Now we’ll use the imputed dataset to discover differences between weekdays and weekends. First we add a factor variable with weekday and weekend as levels. We do this by using the weekdays function on the dates, loop through theses values to change them, and then add them to imputedData as factors. As I live in Belgium, the daynames are in Dutch.
days <- weekdays(as.Date(imputedData$date))

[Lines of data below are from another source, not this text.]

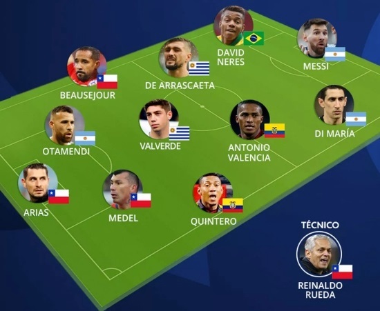 Uruguay có hai người, đều ở tuyến tiền vệ là Federico Valverde và Giorgian De Arrascaeta. Cái tên cuối cùng là cựu đội trưởng Man Utd, Antonio Valencia. Trên ghế HLV, Reinaldo Rueda của Chile bị Globo Esporte chỉ mặt khi không duy trì được lối đá chắc chắn dưới thời người tiền nhiệm Jorge Sampaoli.
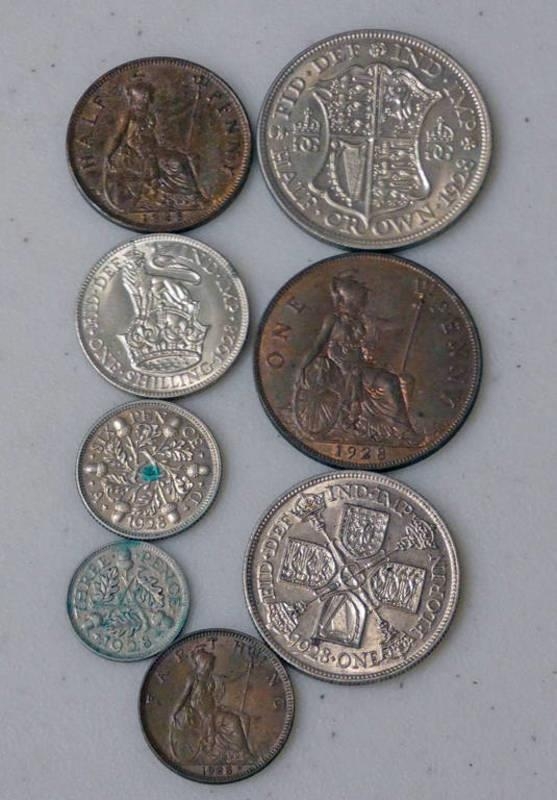 EIGHT 1928 GEORGE V COINS FARTHING TO HALF CROWNS
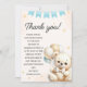 Cute design for your baby boy shower with an image of a cute watercolor teddy bear with beige and brown tones with white with the phrase "we can bearly wait" with cute modern typography in blue colors. This cute design is ideal for your baby boy shower. Don't forget to check out the collection of this cute design for complementary products.
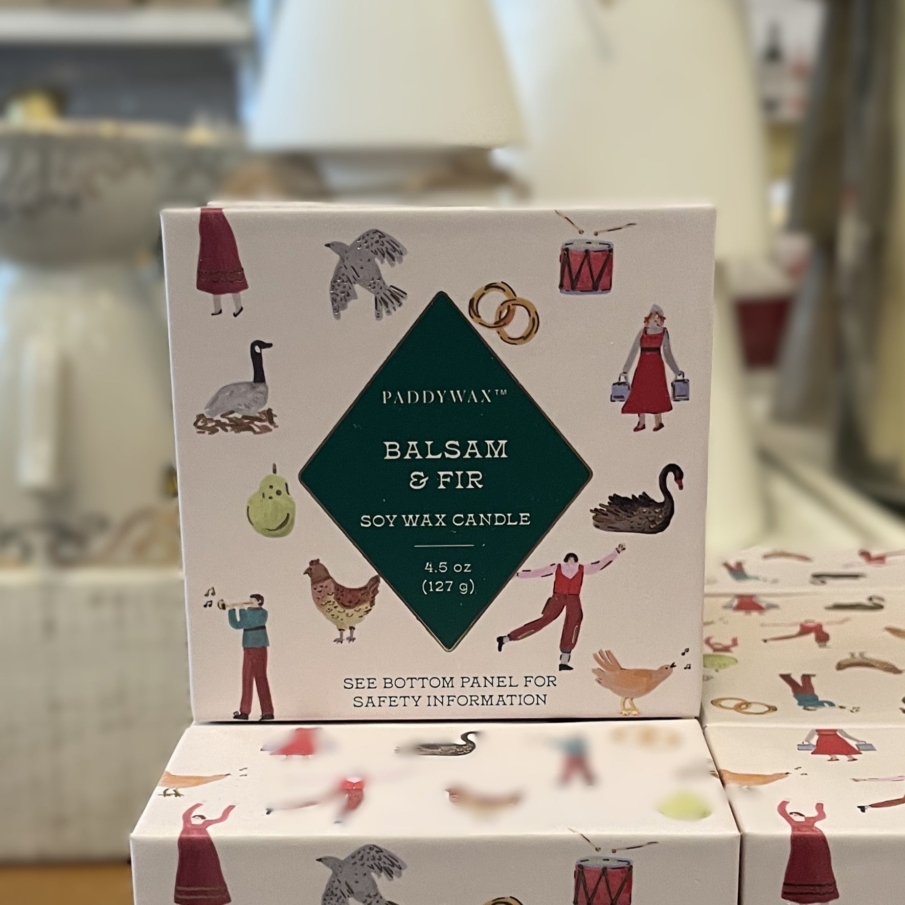 Hand illustrated artwork inspired by the classic 12 Days of Christmas adorns the packaging.
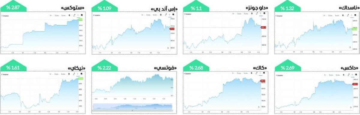 كما اقتفت المؤشرات الأوروبية أثر «وول ستريت»، لتسجل مكاسب جديدة؛ حيث حقق «ستوكس 600» أكبر مكسب أسبوعي في خمسة أشهر. كذلك ارتفع مؤشر «نيكاي» الياباني وسط ترقب لمسار السياسات النقدية من قبل بنك اليابان، وكذلك المتغيرات السياسية في طوكيو.
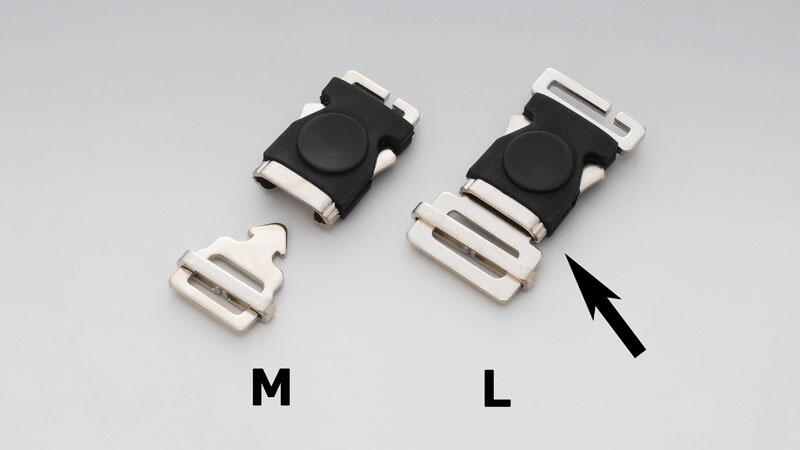 ヘルメットのアゴ紐を容易に脱着可能にするヘルメットワンタッチクリップ。ヘルメットのベルト幅に合わせてM・Lの2サイズからお選びください。
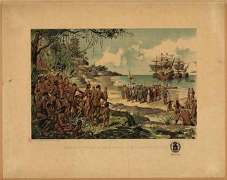 | Keywords: Pedro-e-297-a 0001 1 p24-C-R0150.jpg O desembarque dos portuguezes no Brazil ao ser descoberto por Pedro Alvares Cabral em 1500 Biblioteca Nacional de Portugal http //purl pt/6942<br/>Cota local e-297-a Biblioteca Nacional de Portugal fol 28 x 42 cm ca 1900 Creator Alfredo Roque Gameiro Other versions <gallery>File Pedro-e-297-a 0001 1 p24-C-R0150 cropped jpg Borderless </gallery> PD-old-auto-1923 1935 1500 in art 16th-century sailing ships in paintings 1900s paintings from Portugal Alfredo Roque Gameiro Brazil in history paintings Carracks in art Discovery of Brazil Images from the Biblioteca Nacional de Portugal Paintings of indigenous peoples of Brazil Pedro Álvares Cabral Porto Seguro Sailing ships of Portugal |
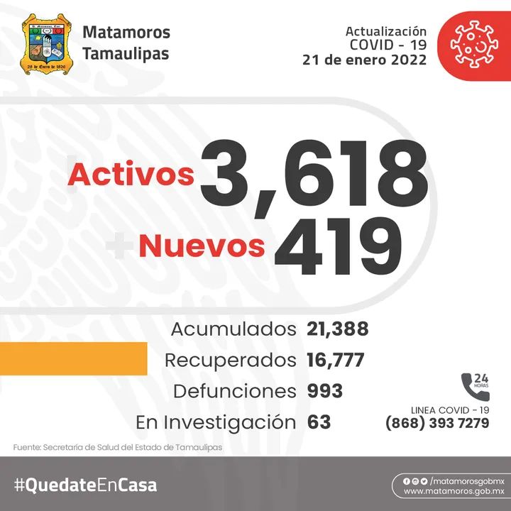 La secretaria de salud municipal informa que actualmente Hay activos 3,618 casos de covid-19 419 casos nuevos Acumulados 21,388 Recuperados 16,777 Defunciones 993 En investigación 63 quedateencasa «Este Programa es Público, ajeno a cualquier partido politico. Queda prohibido el uso para fines distintos a los establecidos en el programa».
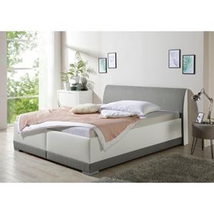 Hoofdbord en onderkant bedkist overtrokken met structuurstof van 100% polyester, boordsel opzij bij het hoofdbord en de bovenkant bedkist van imitatieleer. Hoofdbordhoogte 92 cm, voetenbordhoogte 45
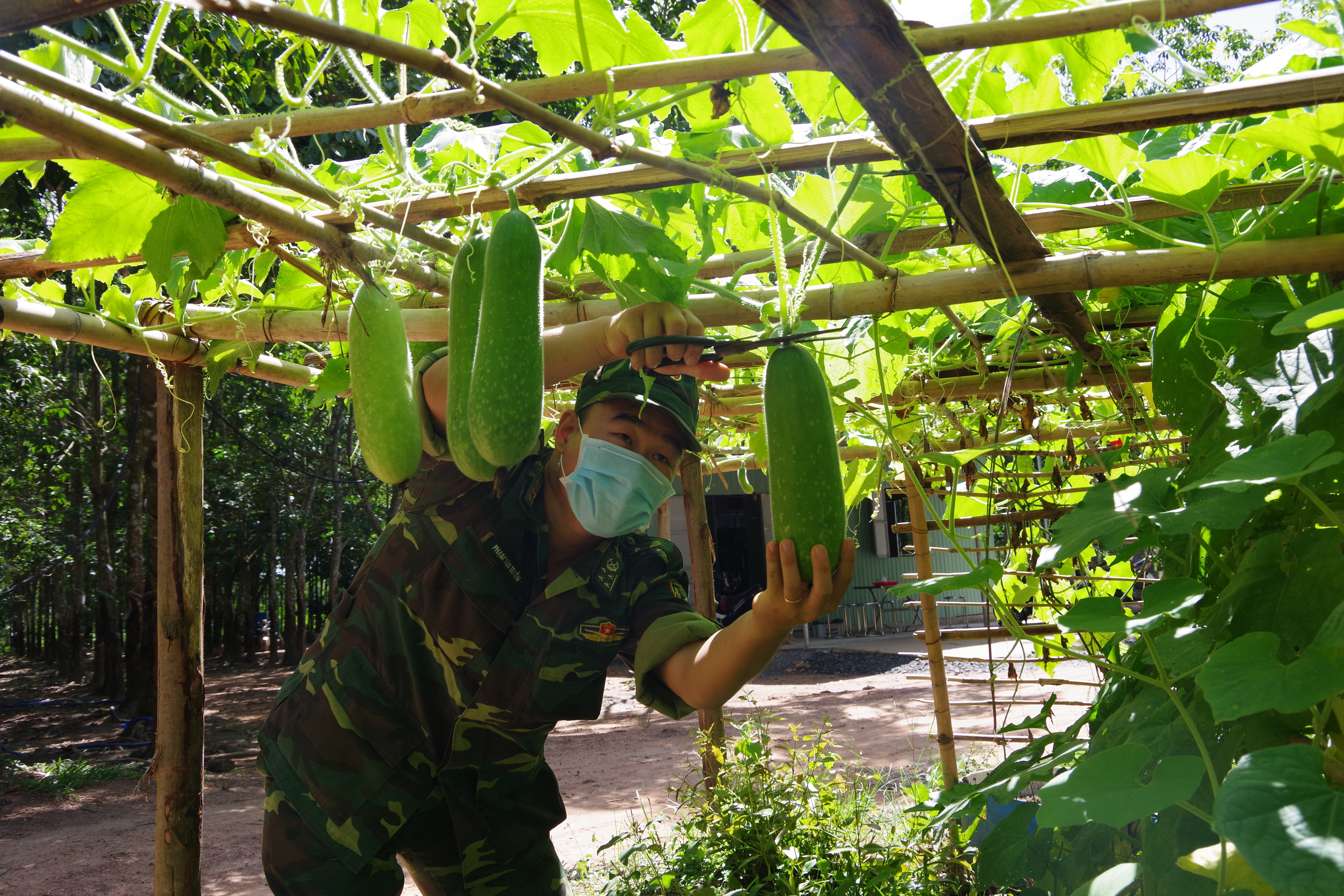 Bộ đội Biên phòng Bình Phước tăng gia trên chốt chống dịch.
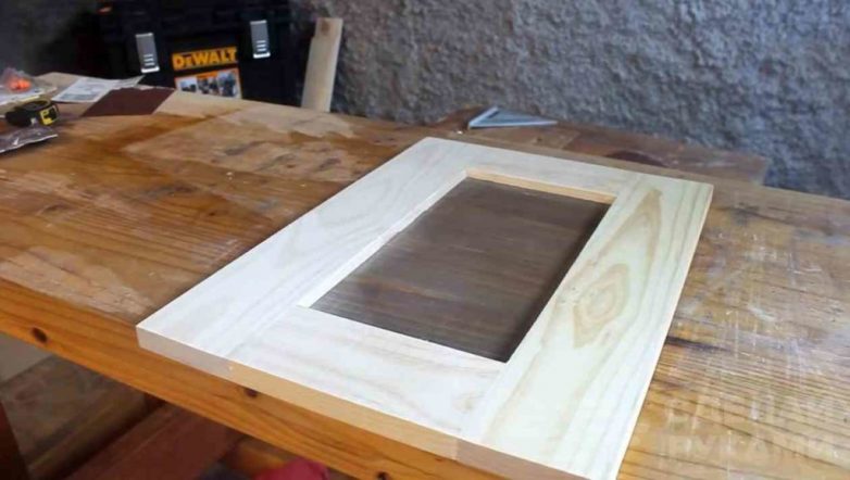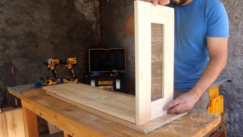На последнем этапе автор приступает к изготовлению двух раздвижных дверец. Делаются они по аналогии с боковыми стенками, только окна в центральной части — шире.
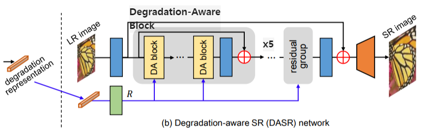 DASR은 5개의 residual groups으로 이루어져 있으며 각 그룹은 5개의 Degradation-aware block(DA block)들로 구성됩니다.
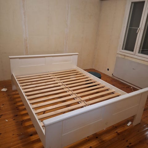 Rautainen valkoinen sänky kultaisilla koristeluilla. Valitettavasti osa koristeluista on kadonnut. Nähdään kuvasta. Hyvä kunto. Pohjarunko on puinen. Hinnasta voidaan neuvotella:)
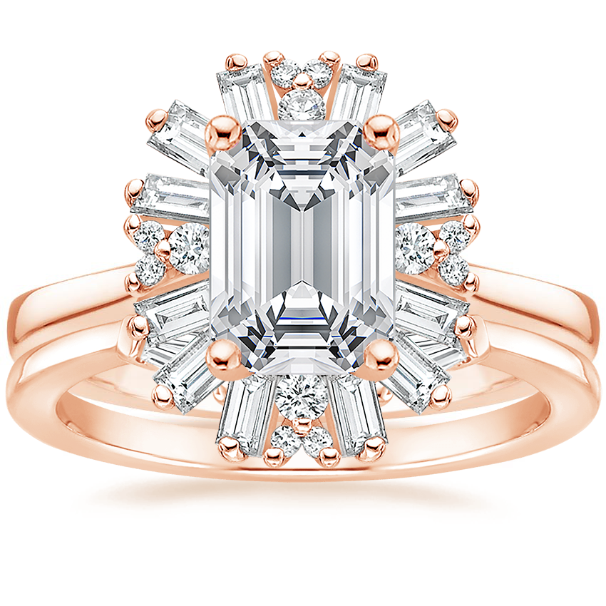 14K Rose Gold Ballerina Diamond Ring with Tapered Baguette Diamond Ring
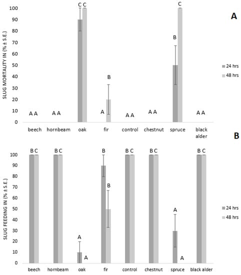 The contact efficiency of wood ash after 24 h under laboratory conditions resulted in 90 ± 10% (N = 10) mortality of the slugs treated with oak wood ash (see Figure 1A). High slug mortality was also achieved after 24 h of treatment with spruce wood ash (50 ± 17%, N = 10) (see Figure 1A). Except for oak and spruce, wood ash from other plant species did not cause slug mortality after 24 h. Our results showed that 100 ± 0% (N = 10) of the slugs treated with oak and spruce wood ash died after 48 h. Besides oak and spruce, 48 h after the slugs’ exposure to fir wood ash also caused the slugs mortality (20 ± 10%, N = 10). However, wood ash from other tested plant species did not impact slug mortality (see Figure 1A).
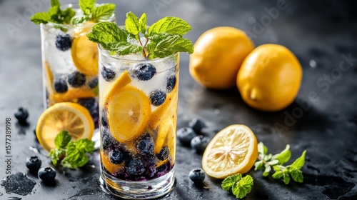blueberry, lemonade, iced, tall, glasses, mint, lemon, fresh, drink, summer, beverage, fruit, cool, refreshing, natural, sweet, sour, garnish, cocktail, party, bar, garden, picnic, decoration, hydratation, vibrant, colourful, taste, refreshment, juicy, cookery, ingredient, health, organic, artisan, receipe, glassware, food, aesthetic, composition, closeup, photo, decor, culinary, beauty
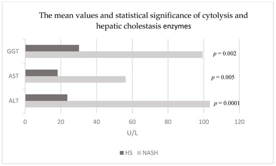 Mean values and statistical significance of cytolysis and hepatic cholestasis enzymes in the studied patients (44 patients with HS and 15 patients with NASH associated with T2DM). Abbreviations: NASH: non-alcoholic steatohepatitis; HS: hepatic steatosis; ALT: alanine aminotransferase; AST: aspartate aminotransferase; GGT: gamma-glutamyltranspeptidase; established by comparing the values of patients with HS and T2DM and the values of patients with NASH and T2DM.
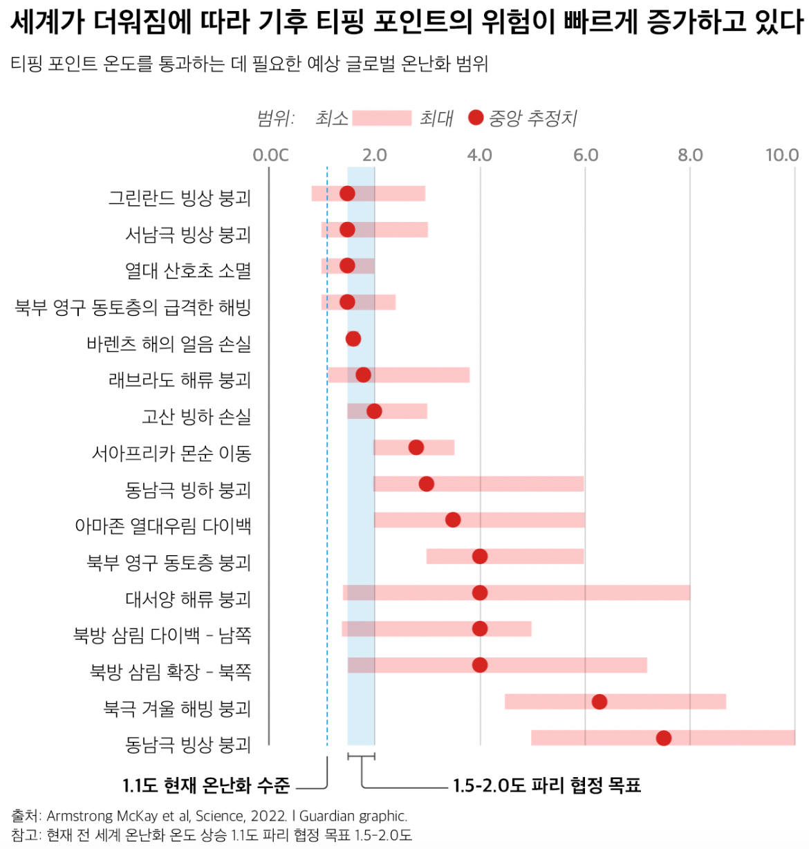 사이언스(Science) 저널의 최근 논문에 따르면 기후 위기로 인해 세계는 여러 심각한 기후 티핑포인트에 직면하게 되었다. 이 논문의 저자들은 과학자들은 세계가 파리 협정 목표를 달성하더라도 빙상 붕괴, 급격한 영구 동토층 해빙 및 산호초 손실이 가능하다고 경고한다. 지금까지 인류가 일으킨 지구 온난화는 산업화 이전에 비해 1.1도 높다. 이는 온난화 수준이 아직 지구 온난화를 산업화 이전에 비해 1.5도 미만으로 제한한다고 규정한 파리협정의 하한선에 미치지 못했다는 것을 의미한다. 하지만 2022년 전 세계가 직면하고 있는 전례 없는 가뭄과 홍수가 닥친 여름은 1.1°C의 지구 온난화 영향을 보여주었다.
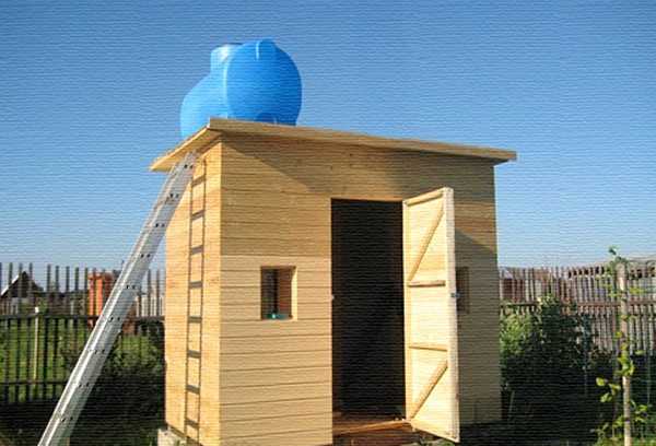 Емкость, в которой будет вода, устанавливается над кабиной. Для экономии это может быть стандартная до 200 л объемом бочка. Можно приобрести также б/у бак. Перед установкой бака монтируется отвод, а также устанавливается кран с распыляющей воду насадкой. Для заливания воды в бак применяется насос либо бак подключают к водопроводу.

for(i in 1:length(days)) {
if(days[i] %in% c("zaterdag", "zondag")) days[i] = "weekend"
else days[i] = "weekday"
}
imputedData$day <- as.factor(days)
Before plotting we calculate the averages using the aggregate function. This will calculate the average number of steps per daytype (weekend or weekday) and per interval. Let’s take a look at these averages.
library(ggplot2)
averages <- aggregate(steps ~ interval + day, data=imputedData, mean)
head(averages)
## interval day steps
## 1 0 weekday 7.006569
## 2 5 weekday 5.384347
## 3 10 weekday 5.139902
## 4 15 weekday 5.162124
## 5 20 weekday 5.073235
## 6 25 weekday 6.295458
Plotting time! I’ll use ggplot because yolo.
g <- ggplot(averages, aes(interval, steps))
g + geom_line(color="blue") + facet_grid(day ~ .) +
xlab("Interval") + ylab("Average steps")
One can see how these plots ‘add up’ to the previous (red) line plot. Then again, that plot is now ‘splitted’ into weekdays and weekends.